- The pound manages to stay above the psychological support at the 1.3600 area.
- US economic data was better than expected, DXY sideways above 91.00.
GBP / USD is hovering around 1.3650, modestly bearish for the day. The US dollar does not show a clear direction during the US session as it cannot benefit from better than expected US economic data.
Data above expectations, continues the BoE
In the US, the ADP report showed a surprisingly high level of private job growth during January. The service sector data also beat expectations, with the ISM unexpectedly rising to the strongest level in two years. The figures point to a positive surprise in the official employment report on Friday.
The DXY is trading at 91.10, flat during the day and close to the monthly high. The numbers did not boost the dollar, although US yields moved higher. On Wall Street, the Dow Jones fell 0.12% and the Nasdaq gained 0.15%.

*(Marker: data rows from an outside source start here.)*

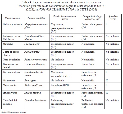 Las interacciones turísticas entre humanos y animales no humanos observadas en Mazatlán involucran a once especies de fauna silvestre y doméstica, cada una con sus propias características ecológicas y estado de conservación. La Tabla 4 presenta un resumen de las principales especies identificadas durante el estudio, junto con su nombre científico, categoría de amenaza según la Lista Roja de la UICN (Unión Internacional para la Conservación de la Naturaleza [UICN], 2024), la Norma Oficial Mexicana NOM-059-SEMARNAT-2010 (Secretaría de Medio Ambiente y Recursos Naturales [SEMARNAT], 2019) y su inclusión en los Apéndices I, II, III y IV de la Convención sobre el Comercio Internacional de Especies Amenazadas de Fauna y Flora Silvestres (CITES, 2024).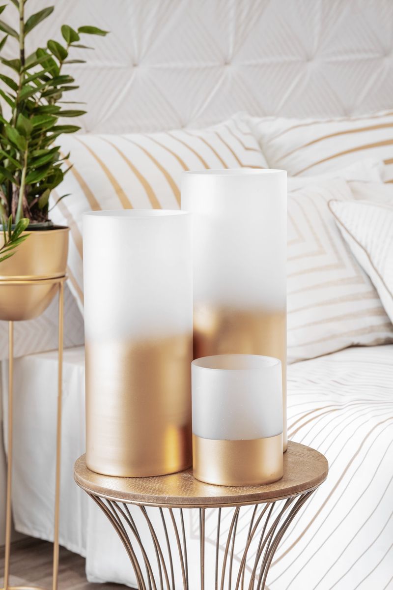 WAZON OZDOBNY NA KWIATY 15X40 BIAŁY ZŁOTY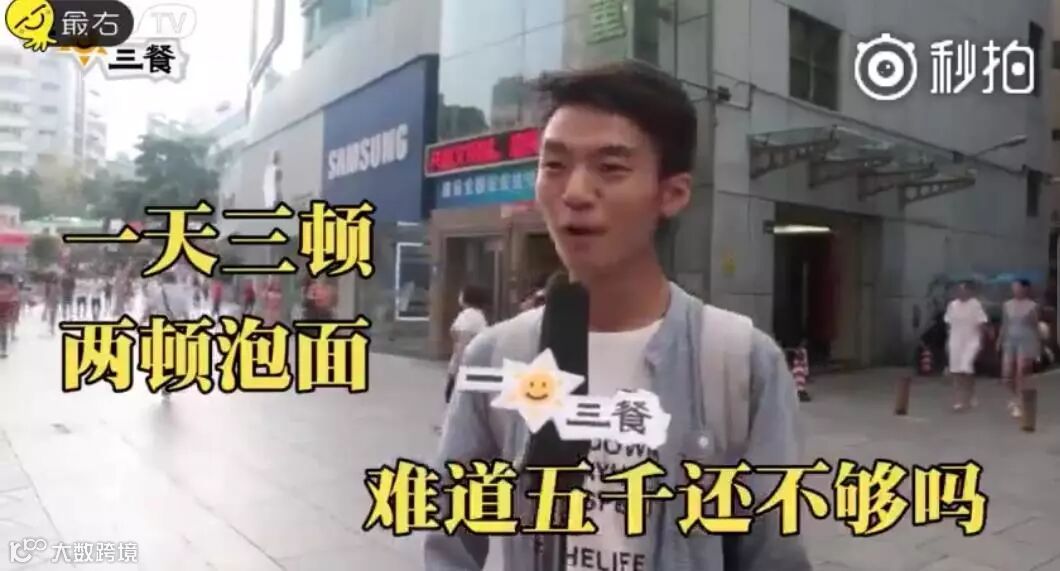 在一个街采视频中,一些女生的反应是难以置信,“一个月5000怎么够?”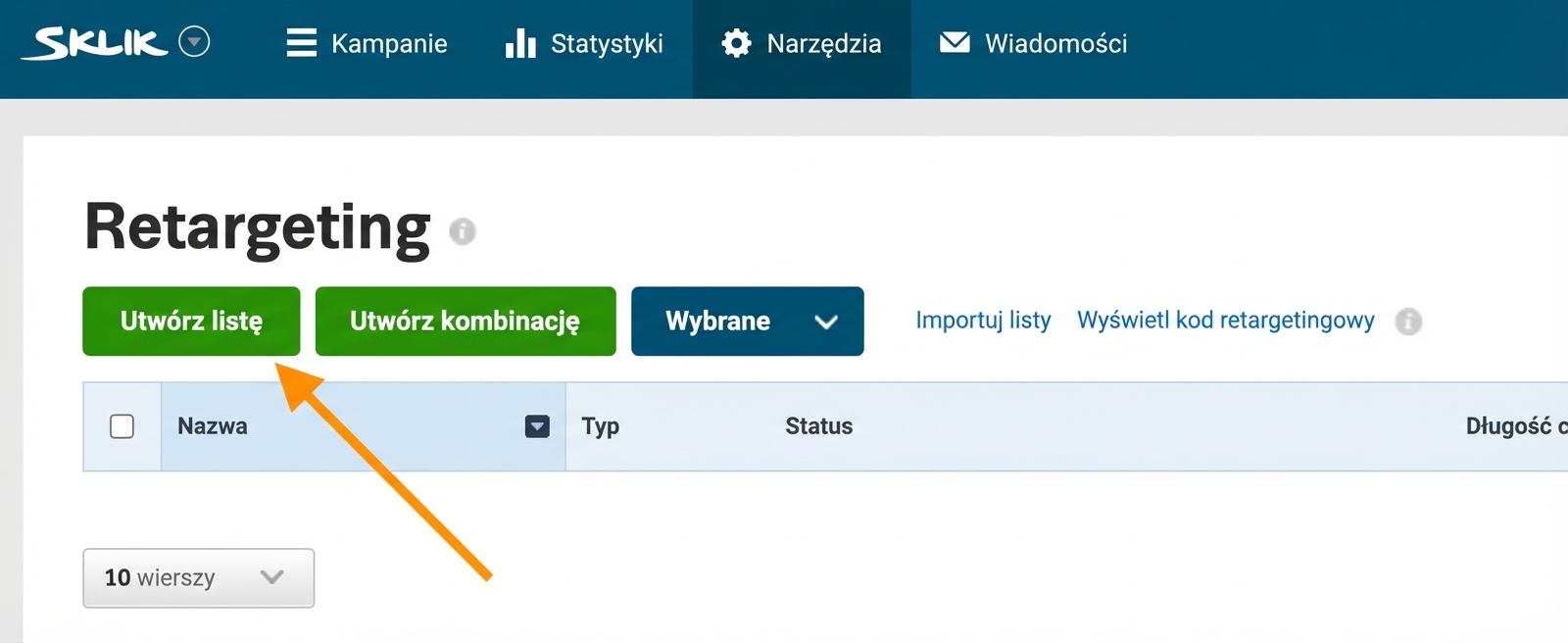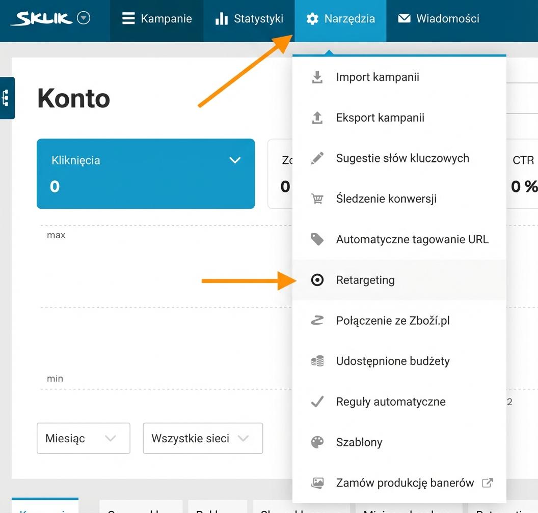 2. Na swoim koncie w Skliku przejdź do „Ustawienia” i wybierz pozycję „Retargeting”.

Furthermore, in the UK, data from the services sector exceeds expectations. Attention now turns to the Bank of England which will announce its monetary policy decision on Thursday. It will be the first post-Brexit meeting. No changes are expected. Mentions of negative interest rates will likely have an impact. In 2021, expectations about the Bank of England rate cut waned, supporting the pound in the market.
From a technical perspective, the GBP / USD pair is moving without a clear direction, still showing a negative bias in the very short term. A break below 1.3600 would trigger further losses. A recovery above 1.3700 would negate the bearish bias.